XXXIII Domenica del Tempo Ordinario – Anno A
15 novembre 2020
“ Bene, servo buono e fedele…”
Dal Vangelo secondo Matteo, Capitolo 25, versetti 14-30
La parabola dei servitori cui sono stati affidati i talenti non fa che approfondire la prospettiva di quella di domenica scorsa (Le 10 vergini). Siamo alla resa dei conti!
Secondo Ireneo di Lione il denaro affidato ai servi significa il dono della vita accordato da Dio agli uomini, Dono che è anche compito e che chiede di non essere sprecato, né ignorato o disprezzato, ma accolto con gratitudine attiva e responsabile.
Per capire con quale fine Gesù ha raccontato questa parabola, dobbiamo porci una domanda: dobbiamo chiederci quale sia il ‘nocciolo’ del racconto, ossia l’elemento su cui il narratore cerca di attirare l’attenzione.
La scena principale è il rendiconto al momento del ritorno del Signore.
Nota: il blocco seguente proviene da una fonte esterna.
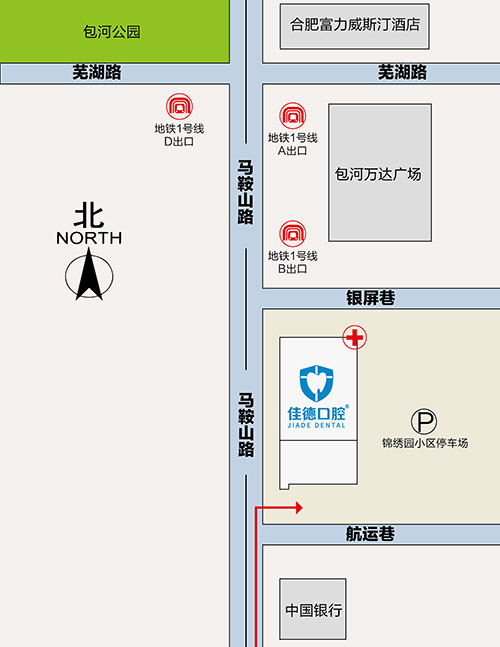 合肥市包河区佳德口腔门诊部地址:合肥市马鞍山路90号(万达广场南120米),有充足的停车位,“锦绣园”小区内停车,至佳德口腔前台拿停车卡。

Dobbiamo dunque concentrare l’attenzione sul servo cattivo: la chiave del racconto sta infatti nel dialogo tra lui e il suo signore.
Per farsi un idea di coloro a cui Gesù indirizza la parabola, basta ascoltare le spiegazioni date dal servo cattivo (v.24 e seguenti): il suo scontento non lascia dubbi, si tratta degli scribi e dei farisei, dei pii osservanti della legge. Di fronte alla condotta di Dio che si manifesta in Gesù essi insorgono: se Dio si comportasse come Lui dice, non sarebbe giusto!
Questi interlocutori di Gesù compiono esattamente il loro dovere, si attengono strettamente alla giustizia, ma si rifiutano di accettare che il Signore esiga da loro più di quanto è legalmente prescritto.
Il signore della parabola, che esprime evidentemente il punto di vista di Dio, mostra a questi tali il loro errore.
Nel versetto 26 vediamo il padrone che vuol mostrare al servo il suo errore, ponendosi dal suo punto di vita, ma subito, al v.27, gli dimostra che egli non ha compreso il significato del deposito che gli era stato affidato. Ricevere un dono è ricevere una responsabilità: quella di far valere questo dono!
I primi due sono dei servitori “buoni e fedeli” (vvv.21-23) perché fanno circolare ciò che hanno ricevuto, e i loro talenti fruttificano.
Il terzo non ha riconosciuto che il suo talento era un dono, e non ha capito che il suo padrone, recandosi lontano, rimaneva presente nel suo dono.
Improduttivo per sé e per gli altri, si scopre povero, privato dell’unico talento che aveva messo al sicuro.
In questa parabola S. Matteo vuole esortare alla vigilanza (tema che percorrerà tutto il tempo di avvento, ormai alle porte).
Il versetto 19 precisa che il signore ritorna “dopo molto tempo”: Matteo invita i suoi ascoltatori ad essere ‘vigilanti’ al pensiero del giudizio a cui verrà sottoposta la loro condotta e da cui dipende il loro ingresso nella felicità del regno (v.21. 23: “entra anella gioia del tuo Signore!”).
Il tempo dell’’assenza’ del Signore, più che un tempo cronologico, è lo ‘spazio’ in cui ognuno può e deve assumere le sue responsabilità: il Vangelo è un capitale; quelli a cui è stato affidato non hanno il diritto di lasciarlo improduttivo. Devono farsi trasformare da esso: questa è l’accoglienza operosa del Regno a cui invita la parabola su cui stiamo riflettendo.
In questa prospettiva, ciò che manca al servo cattivo è l’amore e la libertà data dall’amore, che non ha paura del rischio.